Comment by bayindirh

7 days ago

It took longer than I planned, sorry. But here we go:

When you look at proper research, whether from academia or from private corporations, you can always keep track of ideas and intellectual property resulting from these ideas. Ideas are mature into documents, research reports, and proof of concepts. In some cases, you can find the process as Lab Notebooks. These notebooks are kept by respecting a protocol, and they’re more than a collection of ideas. It’s a “brain trail”. Then, you publish or patent these ideas. Ideally both. These artifacts (publications and patents) contain references and citations. As a result, you can track who did what and what came after what invention. In a patent case, you may even need to defend your patent to convince that it’s not the same invention that was patented before. In short, you have a trail. There are no blurry lines there.

The thing is, copyright law and the idea of intellectual property are created by humans for humans. First, I’ll ask this question: If an instructor or academic is not allowed to teach a course without providing references, whether to the book itself or the scientist who invented something, why is a bot allowed? Try citing a piece of a book/publication in a course or paper or research without giving a reference, and you’re officially a fraud, and your whole career is in shambles. Why a bot is allowed to do this, let it be a book or a piece of code? For the second perspective, I’ll ask a pair of questions: 1) How many of the books you have read can be recalled by you exactly, or as a form of distilled summary? 2) For how long can you retain this information without any corruption whatsoever? 3) How many books can you read, understand, summarize, and internalize in an hour? A bot can do thousands without any corruption and without any time limit. As a result, an LLM doesn’t learn; it ingests, stores, and remixes.

A human can’t do that to a book (or any artifact) if its license doesn’t allow it or its creator gives explicit consent. Why can a bot? An LLM is a large stochastic blender that tends to choose correct words due to its weighted graph. A human does it much differently. It reads, understands, and lets that idea cook by mixing with their own experience and other inputs (other people, emotions, experiences, and more) and creates something unique outside the graph. Yet this creation has its limits. No machine can create something more complex than itself. An LLM can never output something more complex than the knowledge encoded in its graph. It might light dark corners, but it can’t expand borders. The asymptotic limit is collective human intelligence, even if you give it tools.

So, yes, the IP law is showing its cracks because it’s designed for humans, not bots. However, I value ethics above everything else. My ethics is not defined by laws but by something much higher. As I replied to someone, “I don’t need to be threatened to be burned for all eternity to be good.” Similarly, I don’t need a law to deem something (un)ethical. If what’s done is against the spirit of humanity, then it’s off-limits for me.

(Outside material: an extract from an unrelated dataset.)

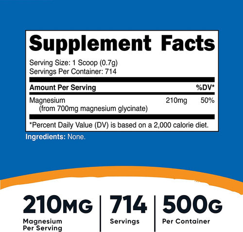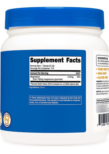 Nutricost Glicinato De Magnesio Puro Sin OGM Ni Gluten Apoyo Energía Natural
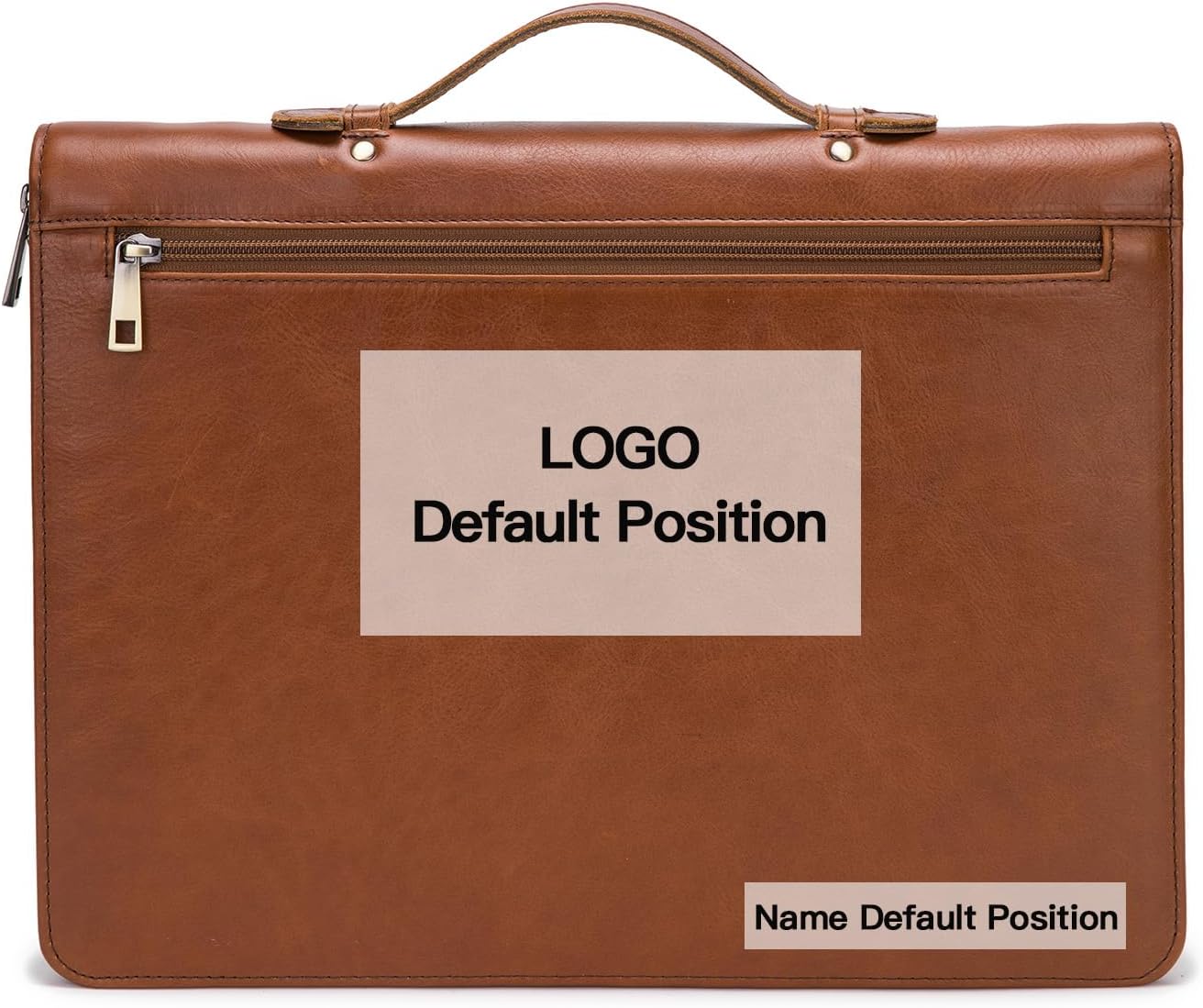 - Personalized Leather Portfolio: You can customize your name, which defaults to the lower right corner, or logo, which defaults to the middle. Simply choose your customization option and input the name or logo. If you have additional customization requirements, such as left-handed people, please feel free to contact us via email after placing an order. We will do our best to assist you. Please note that the image logo is usually debossed and cannot be customized in color.

I’d never take something without permission and milk it for my own benefit, esp. if the owner of that thing doesn’t consent. I bought all the software I pirated when I started to earn my own money, and I stopped using software that I couldn’t afford or didn’t want to buy. This is the standard I’m operating at, and I hold all the entities I interact with to that exact standard. Lower than this is unacceptable, so I don’t use LLMs and popular LLMs.

On the other hand, not all AI is the same, and there are other good things that I support, but they are scientific tools, not for consumers directly.